▶ Data section:
- Opening Delimiter -
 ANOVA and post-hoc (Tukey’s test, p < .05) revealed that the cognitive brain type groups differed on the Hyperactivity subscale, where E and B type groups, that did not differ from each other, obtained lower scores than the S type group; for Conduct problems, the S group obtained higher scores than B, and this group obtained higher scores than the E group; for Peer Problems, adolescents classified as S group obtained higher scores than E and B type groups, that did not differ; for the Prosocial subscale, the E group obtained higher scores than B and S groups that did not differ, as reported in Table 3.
- Closing Delimiter -
- Opening Delimiter -
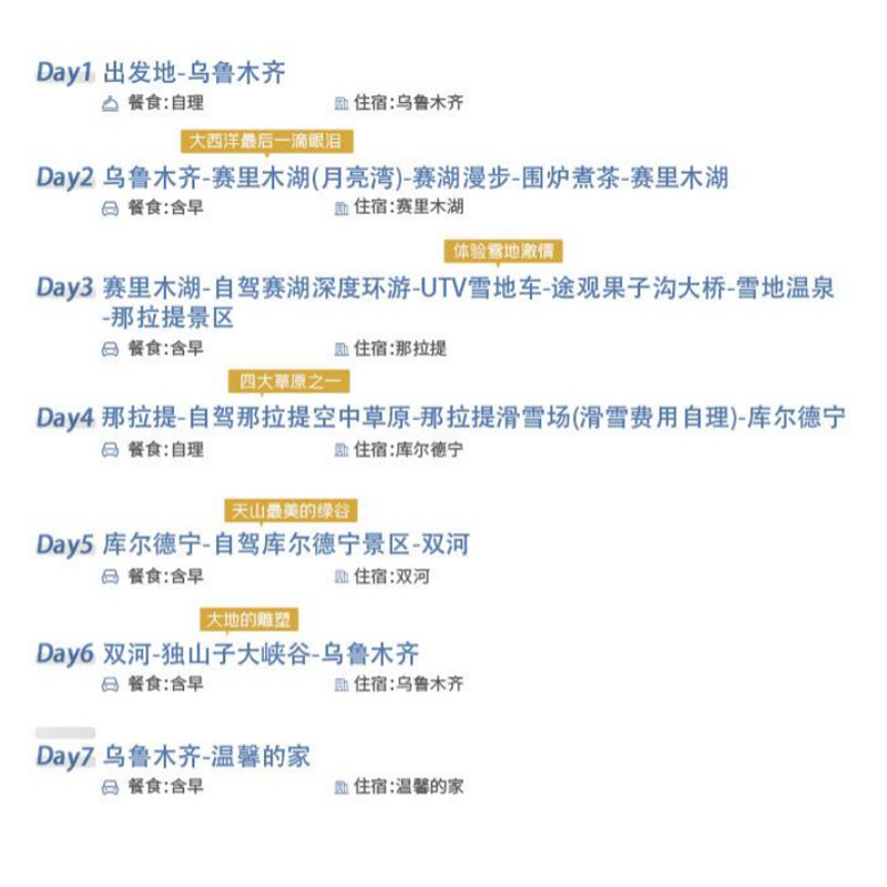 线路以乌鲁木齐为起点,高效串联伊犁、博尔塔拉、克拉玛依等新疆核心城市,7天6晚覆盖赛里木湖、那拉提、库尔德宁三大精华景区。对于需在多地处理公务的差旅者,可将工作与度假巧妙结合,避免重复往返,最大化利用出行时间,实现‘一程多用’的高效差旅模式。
- Closing Delimiter -
- Opening Delimiter -
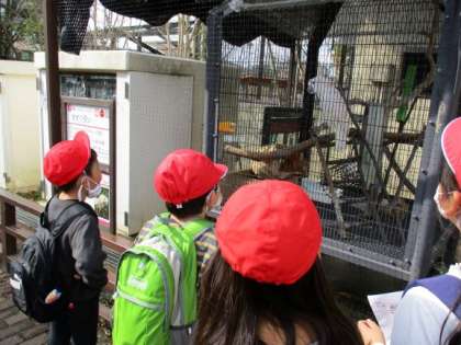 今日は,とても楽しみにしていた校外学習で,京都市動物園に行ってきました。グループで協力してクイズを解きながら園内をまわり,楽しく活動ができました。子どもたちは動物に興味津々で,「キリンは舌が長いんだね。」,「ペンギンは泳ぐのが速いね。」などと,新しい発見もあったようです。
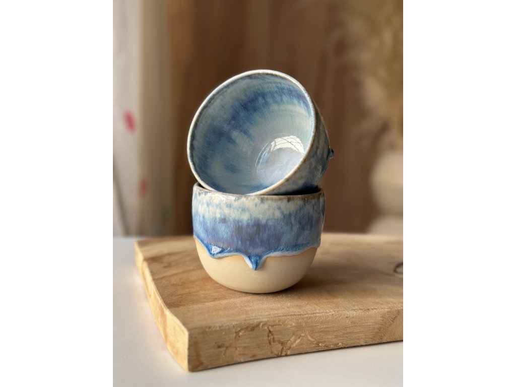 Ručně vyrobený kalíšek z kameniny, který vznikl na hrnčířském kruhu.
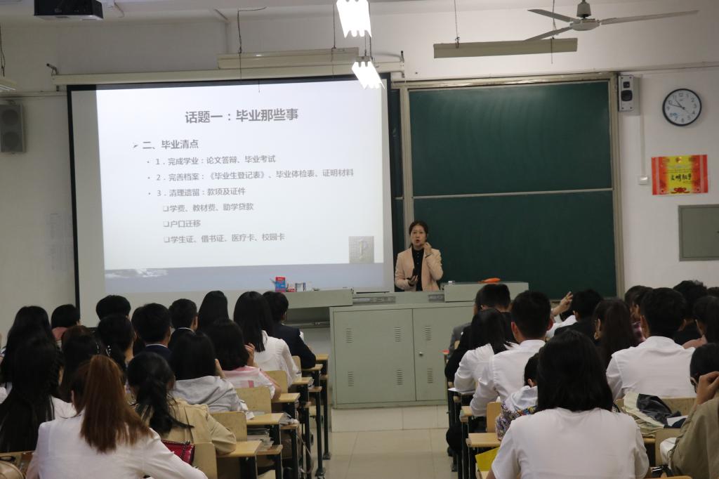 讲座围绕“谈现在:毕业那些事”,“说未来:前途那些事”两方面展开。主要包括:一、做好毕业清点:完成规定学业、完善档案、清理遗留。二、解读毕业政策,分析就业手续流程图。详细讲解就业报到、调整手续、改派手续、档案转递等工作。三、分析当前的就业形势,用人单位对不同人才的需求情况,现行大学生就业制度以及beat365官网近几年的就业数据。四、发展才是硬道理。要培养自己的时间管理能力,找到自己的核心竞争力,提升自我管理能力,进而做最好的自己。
- Closing Delimiter -
▶ Exercise aim:
Repeat exactly the stretch of the listing above that starts with the line holding "今日は,とても楽しみにしてい" and finishes with the line holding "Ručně vyrobený kalíšek", both included. Skip every picture.

▶ Task output:
 今日は,とても楽しみにしていた校外学習で,京都市動物園に行ってきました。グループで協力してクイズを解きながら園内をまわり,楽しく活動ができました。子どもたちは動物に興味津々で,「キリンは舌が長いんだね。」,「ペンギンは泳ぐのが速いね。」などと,新しい発見もあったようです。
 Ručně vyrobený kalíšek z kameniny, který vznikl na hrnčířském kruhu.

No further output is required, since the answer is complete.